[0001] Die Erfindung betrifft einen Spender mit einem Gehäuse für austauschbare Nachfüllungen
fließfähiger Produkte, die kopfstehend in eine Aufnahme des Gehäuses eingesetzt werden
können.
[0002] Solche Spender sind beispielsweise geeignet, Reinigungsmittel, Pflegemittel, Desinfektionsmittel
oder dergleichen dosiert abzugeben.
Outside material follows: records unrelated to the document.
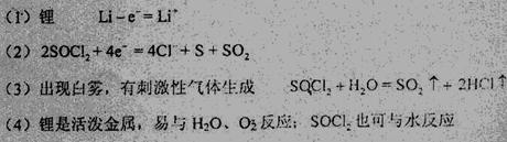 的一极是负极,故Li是负极,发生的电极反应式为Li-e-=Li+;(2)SOCl2电池反应中得电子为正极反应物,其电极反应式为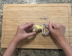 薑洗淨去皮,用刀拍鬆後放入鍋中,加水煮滾,轉中火煮10分鐘,讓薑味釋出。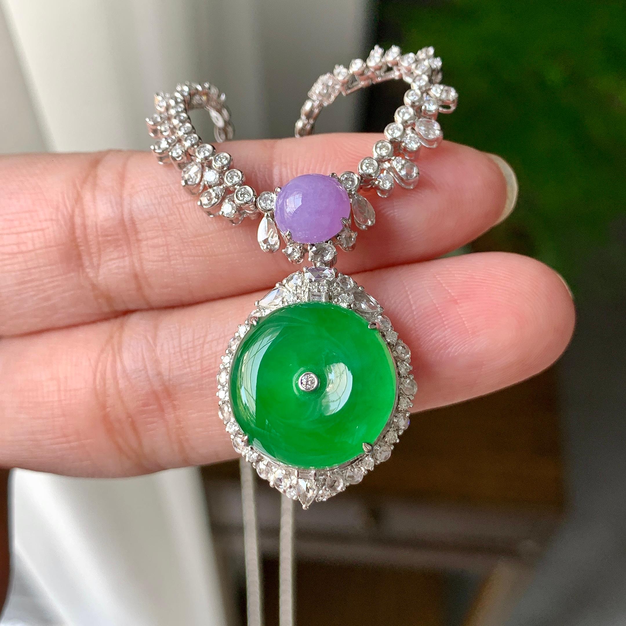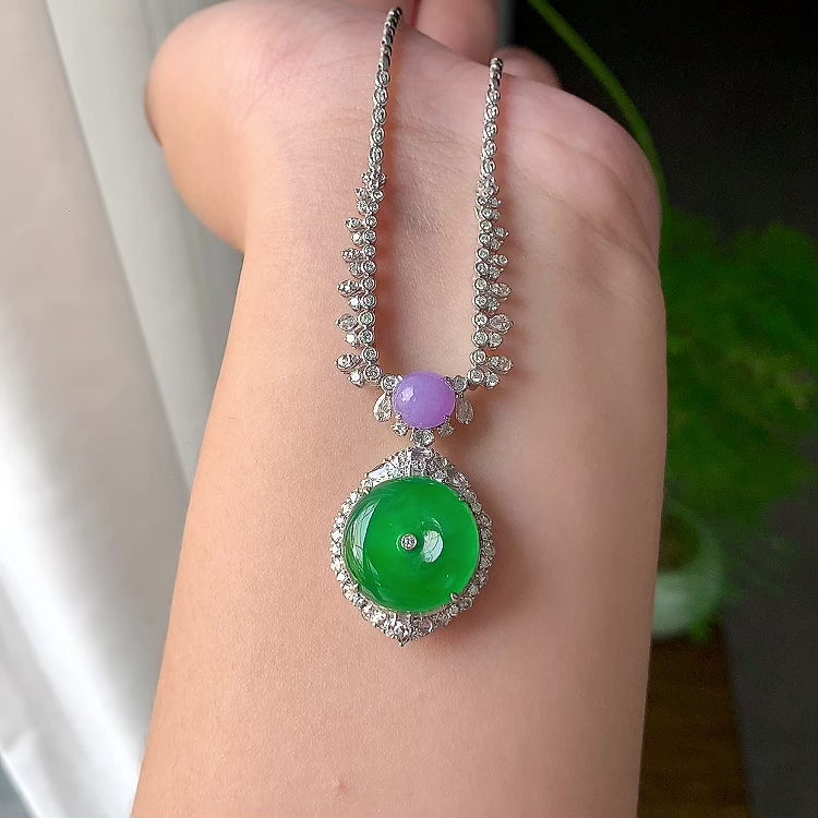18K金钻镶糯冰种满绿平安扣吊坠(yc191931)

Als fließfähige Produkte kommen insbesondere Fluide,
gegebenenfalls auch rieselfähige oder pastöse Medien in Frage.
[0003] Ein Spendesystem mit einem derartigen Spender ist beispielsweise in der
WO 2015/089531 des Anmelders beschrieben. Der Spender weist ein Gehäuse mit einer öffenbaren Abdeckung
auf, in dessen unterem Bereich ein mit einer Einlassöffnung versehener Zwischenbehälter
und eine das Produkt aus dem Zwischenbehälter abgebende Dosierpumpe angeordnet sind.
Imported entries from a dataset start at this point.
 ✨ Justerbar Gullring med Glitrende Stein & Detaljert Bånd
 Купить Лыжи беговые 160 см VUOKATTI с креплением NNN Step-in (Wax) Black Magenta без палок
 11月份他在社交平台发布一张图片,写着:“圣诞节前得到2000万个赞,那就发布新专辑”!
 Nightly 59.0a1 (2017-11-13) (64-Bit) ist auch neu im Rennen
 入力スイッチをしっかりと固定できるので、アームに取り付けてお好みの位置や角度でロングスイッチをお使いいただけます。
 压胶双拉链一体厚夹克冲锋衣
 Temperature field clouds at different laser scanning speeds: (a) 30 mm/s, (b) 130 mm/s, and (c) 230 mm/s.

An der Oberseite des Zwischenbehälters sind beidseitig der Einlassöffnung Führungselemente
vorgesehen, die das Einschieben einer entsprechend ausgebildeten Nachfüllung gestatten.
Die hierfür geeignete Nachfüllung weist ein Bodenelement auf, an dem ein mit einem
Schiebeverschluss versehener Stutzen vorgesehen ist, der korrespondierende Schiebeführungselemente
trägt. Eine Dichtung zwischen Stutzen und Schiebeverschluss verbleibt an der Nachfüllung
und dichtet dessen Stutzen gegen den Zwischenbehälter des Spenders, während der Schiebeverschluss
in einem ein Depot bildenden Raum vor der Einlassöffnung verbleibt. Die Nachfüllung
wird also mit dem verschlossenen Stutzen nach unten gerichtet in den Spender eingesetzt,
indem sie vor der Einlassöffnung des Zwischenbehälters platziert und dann in die Führungselemente
eingeschoben wird, wobei der Schiebeverschluss den Stutzen der Nachfüllung freigibt.
Bei Entnahme der leeren Nachfüllung oder Wechsel einer noch nicht geleerten Nachfüllung
wird diese nach vorne gezogen, wobei sich der im Depot gehaltene Verschluss wieder
auf den Stutzen der Nachfüllung dichtend aufschiebt.
[0004] Die Nachfüllung weist bevorzugt eine Hülle aus einer dünnen Kunststofffolie auf,
die etwa quaderförmig ist und an der das mit dem Stutzen versehene Bodenelement eine
Versteifung bzw. Verstärkung bildet, die auch beim Einschieben der Nachfüllung in
den Spender eine Handhabe oder Angriffsmöglichkeit für die Bedienungsperson darstellt.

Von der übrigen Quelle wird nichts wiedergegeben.